Pets elevate heartache to art with "Elevator"

Pets, the ambitious new project from Jonathan and Nick Campolo (P.E., Pill), provides a grimly intimate look at hope with their latest single “Elevator.” It's found on the upcoming album"Spiral Question Mark," and it’s a clinic in emotional tension and muted gorgeousness.

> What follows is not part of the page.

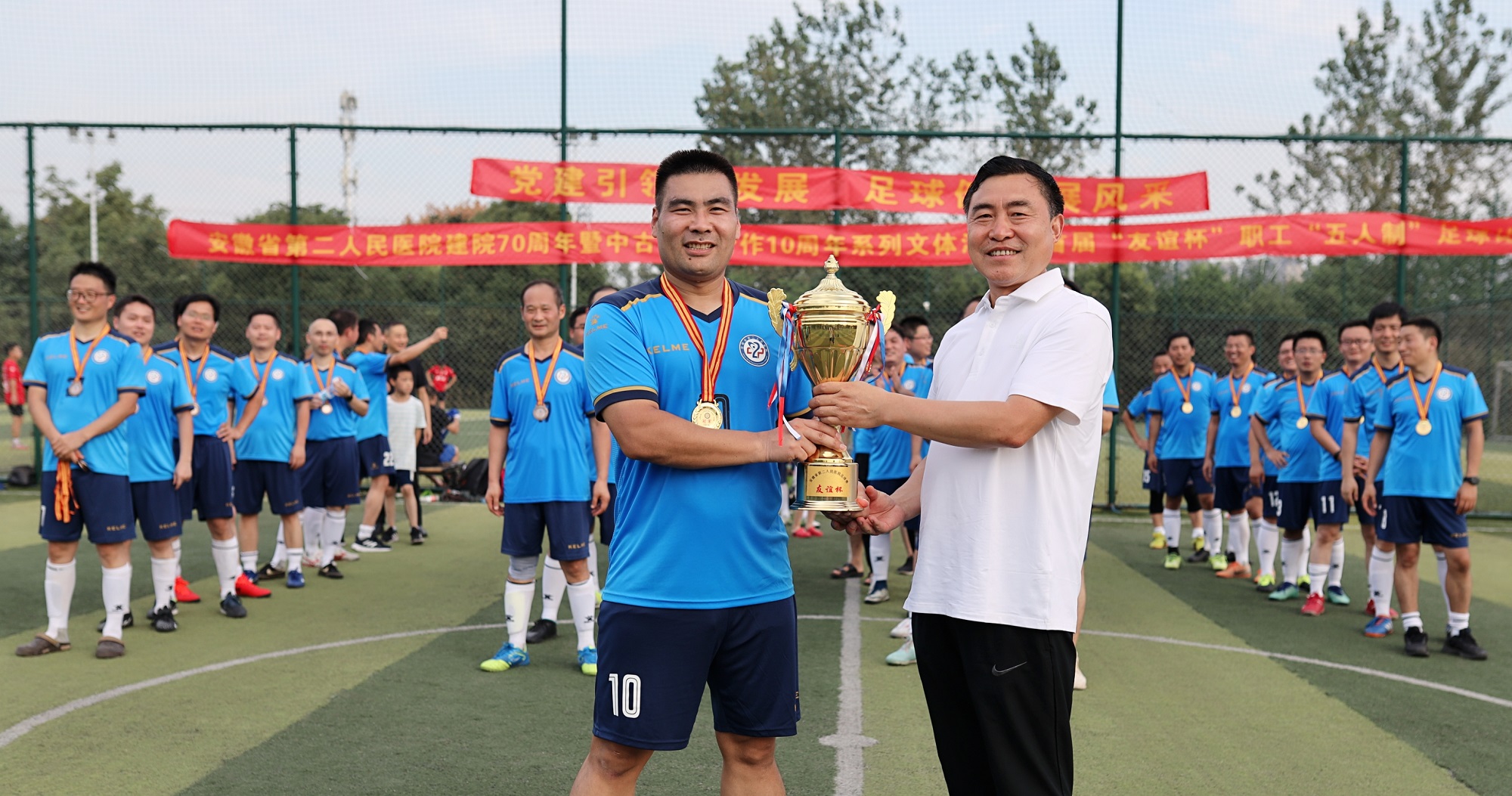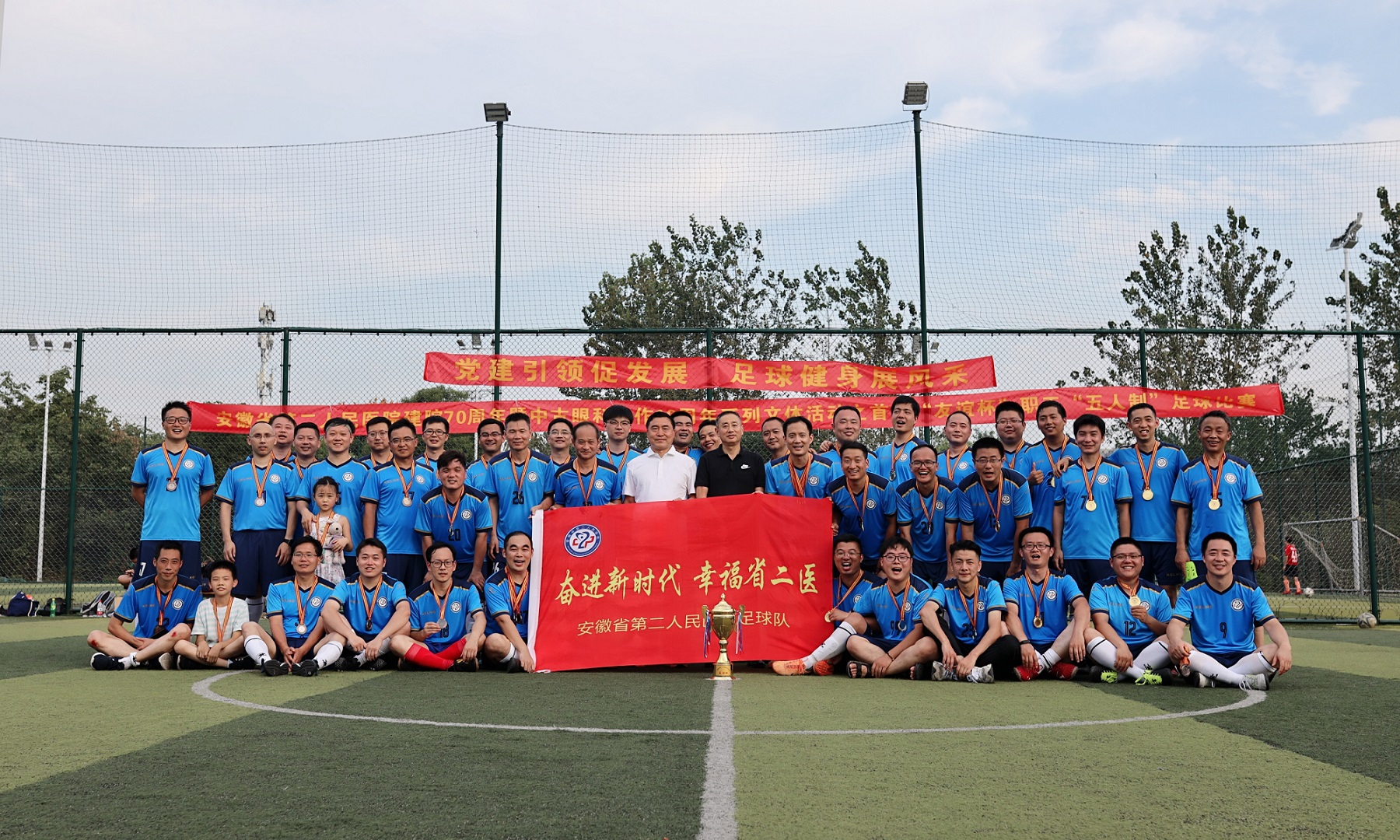金秋飒爽,丹桂飘香。值安徽省第二人民医院建院70周年暨中古眼科合作10周年之际,院工会于9月25日在林峰足球训练基地成功举办了“党建引领促发展,足球健身展风采”首届“友谊杯”职工“五人制”足球比赛。开幕式由工会副主席包广超主持,工会主席于琳娜致开幕辞,裁判员和运动员代表分别进行了宣誓。各队领队、运动员共五十余人参加了开幕式。

Jonny Campolo casts “Elevator” as a song about the silent wrecking ball that is unreciprocated love, or, in his words, “being in love with waiting.” It’s a powerful metaphor. Here comes your floor, and the elevator doors haven’t opened yet, so you’re marinating in that as-yet-unfulfilled expectation. The song is full of vivid imagery, and it’s soaked throughout Agnes by delicate instrumentation that is buoyant and thrilling with an undercurrent of wistful yearning worthy of a film score.

“Elevator” is a slow, striking exhale. The dynamic between Jonathan and Nick’s overlapping vocals hints at shared reminiscence, something at once personal and universal. The lineup suggests some of their work with P.E. and Pill. Still, it makes a clear, confident modern statement for Pets, one that favors gentle openness without losing the shield of sophistication. The power of the song is its honesty. There’s no pretense, just the pack of feeling slapped with words, as Jonny describes. It’s melancholia you can sink into, even as it holds a quiet hope. There is beauty in the emotional truth, even of waiting.

“Elevator” is a reminder that music’s force can also be found in its moments of capturing something we’re unable to articulate ourselves, those interstitial pauses between floors where life, love, and memory meet. What pets do is not just tell a story but allow listeners to inhabit it.